With `sklearn` library is tremendously simple, we just need training data (`train_x` and the related labels `train_y`) and pass them to the classifier.

**Tools**:
-   `model.fit()`: fit the provided model with training data.

In [None]:
clf.fit(train_x, train_y)

### Validation

It's time to validate the trained model, in order to find proper hyperparameters.

**Tools:**
*   `score()`: evaluates the quality of a model’s predictions.



In [None]:
print('Validation accuracy: {:.3f}'.format(clf.score(val_x, val_y)))

### Test
Now we are reading to use our classifier! The trained classifier outputs the labels (as defined above) for the classification task.

Tools:
  - `model.predict()`: predict the class of the given data.

In [None]:
pred_y = clf.predict(test_x)
print('Predicted {} samples: {}'.format(len(pred_y), pred_y))
print('GT {} samples: {}'.format(len(test_y), test_y))

It's time to understand the how good is the trained classifier.

**Tools**:
   * `accuracy_score()`: accuracy classification score. The set of labels predicted for a sample must exactly match the corresponding set of labels of GT.

In [None]:
print('Final Accuracy: {:.3f}'.format(accuracy_score(test_y, pred_y)))

Presumably, you have obtained a lower performance w.r.t. the previous exercitation (based on PR), but rememeber that:
- Now the model has **automatically learned** how to solve the classification problem;
- The classification problem is quite simple, since we know how to classify geometric shapes. Then, we have a good level of a-priori knowledge.

### Exercise/Homework

1) Try to obtain the highest accuracy in classification!
You can use:
- Different **classifiers**:
  *   Tree classifiers, Random Forest, AdaBoostClassifier, ...
  *   You can also install other packages (for instance, `xgboost`)

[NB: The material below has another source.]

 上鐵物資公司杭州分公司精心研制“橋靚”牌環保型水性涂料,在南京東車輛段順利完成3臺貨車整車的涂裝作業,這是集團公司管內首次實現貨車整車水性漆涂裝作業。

You can find a list of several classifiers available in scikit-learn  library  here: https://scikit-learn.org/stable/auto_examples/classification/plot_classifier_comparison.html).
Remember to import the classifiers from sklearn package!

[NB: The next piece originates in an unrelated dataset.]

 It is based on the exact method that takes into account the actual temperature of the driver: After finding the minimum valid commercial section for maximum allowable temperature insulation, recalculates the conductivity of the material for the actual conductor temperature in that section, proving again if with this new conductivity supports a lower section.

- Different **data** in input (you can provide not only the raw coordinates of the shapes, but also other values like diagonals and so on).
- Different **normalization** of data.
- Different **data splits** (you can vary the amount of samples in train, val and test sets).

**Data Normalization**
The purpose of normalization is to transform data in a way that they have similar distributions. Normalization for instance translates data into the range [0, 1] or [-1, +1] as follows:

> `coordinates = (coordinates - np.mean(coordinates)) / np.std(coordinates)`

or

> `coordinates = (coordinates - np.min(coordinates)) / (np.max(coordinates)-np.min(coordinates))`

In our case, in the Euclid dataset all coordinates are already in the range [0, 224] and then normalization is not strictly needed (actually, in some cases decreases the final accuracy, since normalization compresses data within a certain range, reducing the variance).

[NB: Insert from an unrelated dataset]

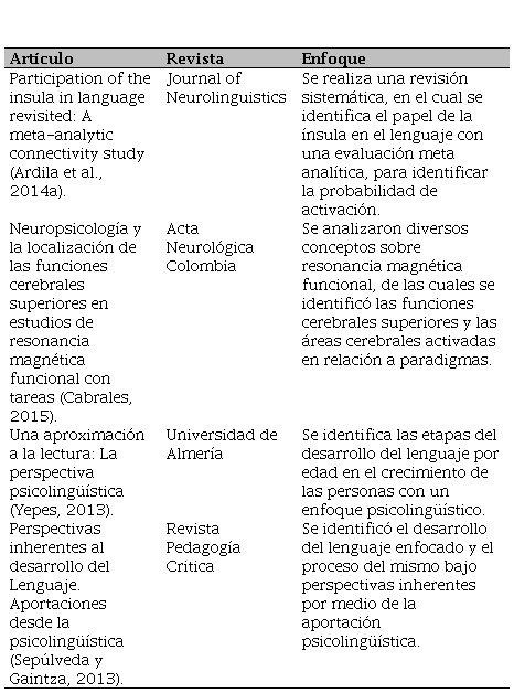 El abordaje o la construcción del diseño de investigación fue de teoría fundamentada, dado que se utiliza para preguntas sobre procesos y relación entre conceptos (Estrada-Acuña, Arzuaga y Giraldo, 2019); en este caso, para entender, cómo el cerebro procesa el lenguaje, desde la Neurociencia y la Psicolingüística, se indagaron documentos de alto impacto que sirvieron como instrumentos, los cuales se usaron de una forma no pasiva para estudiarlos y analizarlos en cualquier momento (ver Cuadro 3). Incluso, para analizar las áreas que se activan en el cerebro cuando la persona empieza a activar el lenguaje.

**NB** In order to obtain comparable results, do not shuffle again the dataset. Only modify the `prepare_data()` function, and/or define a new classifier, and then run a new `fit()` and `score()` procedure.

2) Obtain prediction probabilities.

**Tools:**
*   `predict_proba()`: returns the class probabilities for each data point (model must have the parameter `probability` set to `True`!)

3) Include also **triangles** in the classification problem.